Inside the ACC Numbers: Volume VII

Posted by Brad Jenkins (@bradjenk) on March 3rd, 2017

Here is the latest edition of our weekly review of the current ACC standings and team performances where we focus on which teams are playing better or worse than their records indicate. Each week we delve into advanced metrics to reveal a few interesting teams, player statistics and trends. This week we will look at the how ACC teams have performed in the nail-biter games — conference games decided by one or two possessions. Finally, we forecast how the final ACC standings may look given current efficiency margins, and what that means for each team’s postseason aspirations.

Note: All data is current for games played through Wednesday, March 1.

Current Standings

Hats off to North Carolina for clinching at least a share of the ACC regular season title for the second straight season and for the eighth time in Roy Williams’ 14-year tenure at the school. The Tar Heels took advantage of a scheduling imbalance in their favor this year, with only three road games coming versus the top nine schools in the ACC standings. Despite being generally regarded as the ACC’s sixth best team in both the efficiency metrics and the national polls, Notre Dame sits alone in second place in the standings. With the Irish traveling to Louisville this weekend, though, the odds are against Mike Brey’s squad in catching the Heels. If all the home favorites win their games this weekend, Virginia Tech could rise all the way to the #5 seed in next week’s ACC Tournament, even with a likely negative points per possession margin. See below for how Buzz Williams’ guys have made this a legitimate possibility.

Advanced Stat of the Week: Performance In Close Games

In a league that is as competitive as any ever assembled, winning close games is extremely important. As the above table shows, North Carolina leads the league in overall wins as well as in games decided by two possessions or fewer. In a similar vein, last place Boston College is winless in its three tight contests. It’s interesting to note that these two schools at the opposite end of the standings mirror each other by having been involved in the fewest number of down-to-the wire affairs — three each. The Tar Heels have shown that the best way to avoid close defeats is to not enable them to begin with. Meanwhile, the undermanned Eagles simply cannot hang with many other squads long enough to keep games close in the final minutes.

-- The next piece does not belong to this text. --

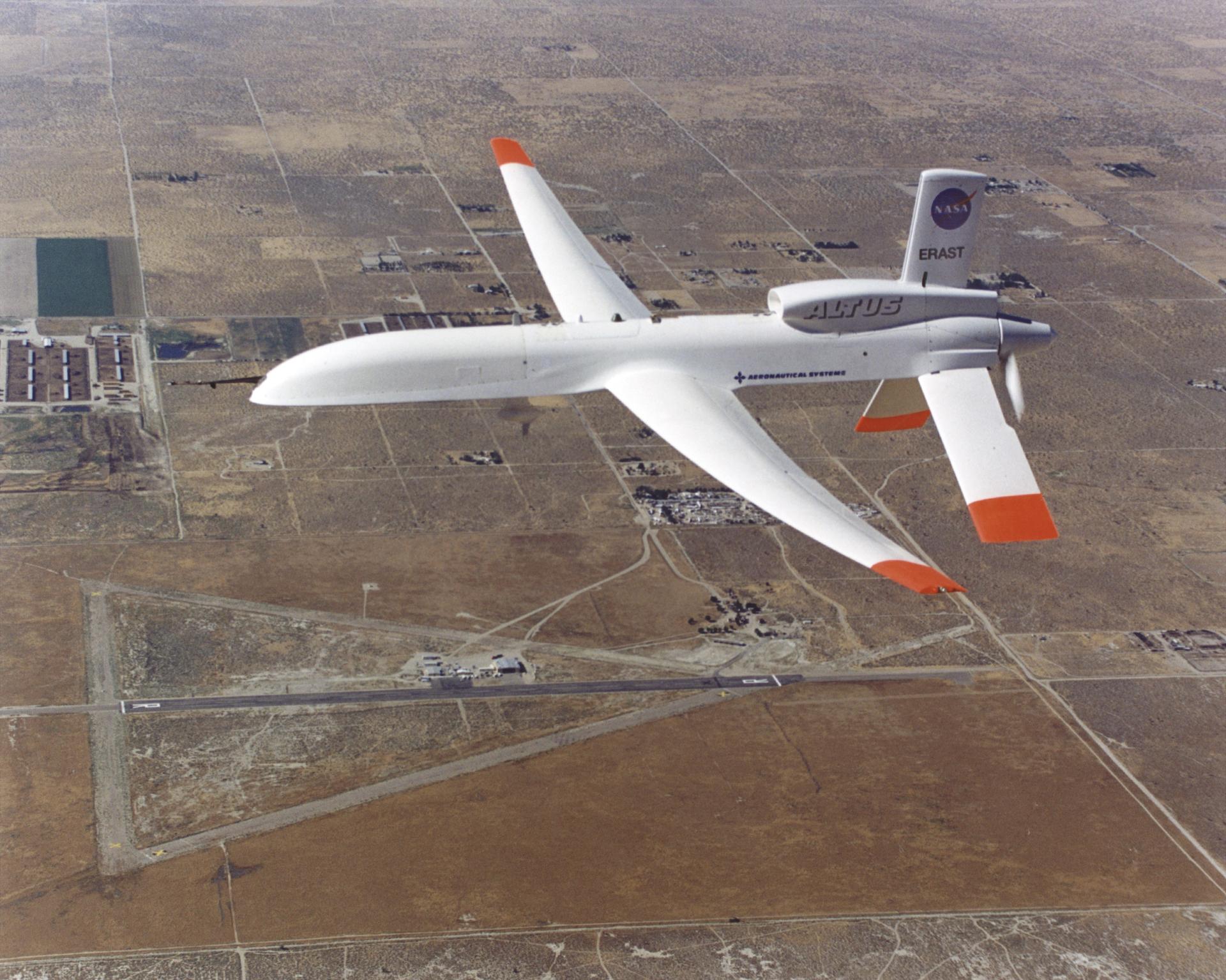 Altus II aircraft flying over southern California desert

Virginia‘s 1-5 record in tight games explains why the Cavaliers’ overall record is not reflective of their lofty computer ratings. A deeper analysis reveals that Tony Bennett’s sixth-place squad is actually just four possessions removed from the top of the ACC standings. As it turns out, Virginia is the only school with a winning conference record that is under .500 in close games. Finally, Virginia Tech and Clemson are prime examples of how crucial endgame execution can be. The majority of both teams’ conference seasons have been tight, but it is the Hokies that are comfortably in the NCAA Tournament field almost entirely because they won five last-possession games. On the other hand, Brad Brownell’s job probably would be safe if the Tigers had come through just three more times. The results of this year’s two meetings between Virginia Tech and Clemson tell the story — the Hokies won by a single point in both contests.

Future Forecast

The above table shows predicted order of finish with final regular season records based on KenPom’s current win probabilities for each team. Also included are a few comparative rankings that are mentioned frequently when evaluating NCAA Tournament potential, as well as projections from two bracketology experts — ESPN‘s Joe Lunardi and CBS Sports‘ Jerry Palm. Note that while they project the field as if it were named tomorrow, we make our projections based on the final KenPom projected records. It’s almost a certainty that the ACC will have at least eight teams in the field, but likely no more than 10. Georgia Tech’s visit to Syracuse on Saturday is basically an elimination game — the loser will have 14 overall losses with another defeat likely to come in Brooklyn. There has never been a 15-loss school invited as an NCAA at-large selection. Wake Forest finally got that elusive highly-significant win of the season by beating Louisville on Wednesday night in Winston-Salem, but we think that the Deacons still need a little more shine on their resume since they now project to have 14 losses. A win at Virginia Tech on Saturday would take care of that — otherwise Wake may need to win at least two games in Brooklyn.